Rhymes AI has introduced Aria, an open-source multimodal native Mixture-of-Experts (MoE) model capable of processing text, images, video, and code effectively. In benchmarking tests, Aria has outperformed other open models and demonstrated competitive performance against proprietary models such as GPT-4o and Gemini-1.5. Additionally, Rhymes AI has released a codebase that includes model weights and guidance for fine-tuning and development.
Aria has several features, including multimodal native understanding and competitive performance against existing proprietary models. Rhymes AI has shared that Aria’s architecture, built from scratch using multimodal and language data, achieves state-of-the-art results across various tasks. This architecture includes a fine-grained mixture-of-experts model with 3.9 billion activated parameters per token, offering efficient processing with improved parameter utilization.
Rashid Iqbal, a machine learning engineer, raised considerations regarding Aria’s architecture:
Impressive release!
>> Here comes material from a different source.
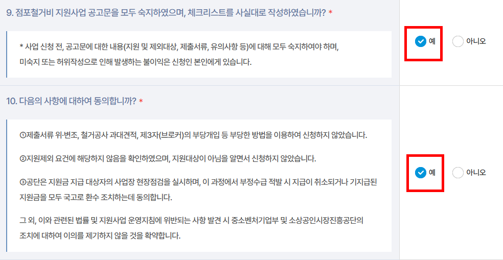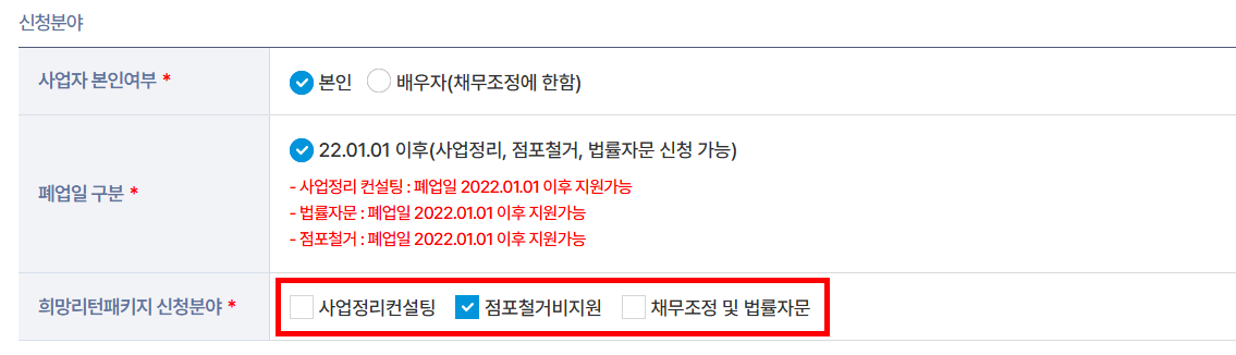 - 폐업일 기준으로 사업이 이미 종료되어 있어야 하며, 자가 소유 점포는 지원 대상이 아닙니다.

Aria’s Mixture-of-Experts architecture and novel multimodal training approach certainly set it apart. However, I am curious about the practical implications of using 25.3B parameters with only 3.9B active—does this lead to increased latency or inefficiency in certain applications?
Also, while beating giants like GPT-4o and Gemini-1.5 on benchmarks is fantastic, it is crucial to consider how it performs in real-world scenarios beyond controlled tests.
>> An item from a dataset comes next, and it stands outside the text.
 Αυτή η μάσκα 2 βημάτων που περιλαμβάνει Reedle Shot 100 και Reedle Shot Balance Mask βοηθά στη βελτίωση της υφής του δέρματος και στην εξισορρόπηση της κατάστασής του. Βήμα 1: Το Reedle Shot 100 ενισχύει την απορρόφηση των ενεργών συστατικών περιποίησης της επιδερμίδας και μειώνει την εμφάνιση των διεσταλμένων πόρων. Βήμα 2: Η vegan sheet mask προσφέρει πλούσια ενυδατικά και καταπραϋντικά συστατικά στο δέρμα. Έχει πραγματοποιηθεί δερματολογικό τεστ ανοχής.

In benchmarking tests, Aria has outperformed other open models, such as Pixtral-12B and Llama3.2-11B, and performs competitively against proprietary models like GPT-4o and Gemini-1.5. The model excels in areas like document understanding, scene text recognition, chart reading, and video comprehension, underscoring its suitability for complex, multimodal tasks.
Source: https://huggingface.co/rhymes-ai/Aria
In order to support development, Rhymes AI has released a codebase for Aria, including model weights, a technical report, and guidance for using and fine-tuning the model with various datasets. The codebase also includes best practices to streamline adoption for different applications, with support for frameworks like vLLM. All resources are made available under the Apache 2.0 license.
Aria’s efficiency extends to its hardware requirements. In response to a community question about the necessary GPU for inference, Leonardo Furia explained:
ARIA’s MoE architecture activates only 3.5B parameters during inference, allowing it to potentially run on a consumer-grade GPU like the NVIDIA RTX 4090. This makes it highly efficient and accessible for a wide range of applications.
Addressing a question from the community. about whether there are plans to offer Aria via API, Rhymes AI confirmed that API support is on the roadmap for future models.
With Aria’s release, Rhymes AI encourages participation from researchers, developers, and organizations in exploring and developing practical applications for the model. This collaborative approach aims to further enhance Aria’s capabilities and explore new potential for multimodal AI integration across different fields.
For those interested in trying or training the model, it is available for free at Hugging Face.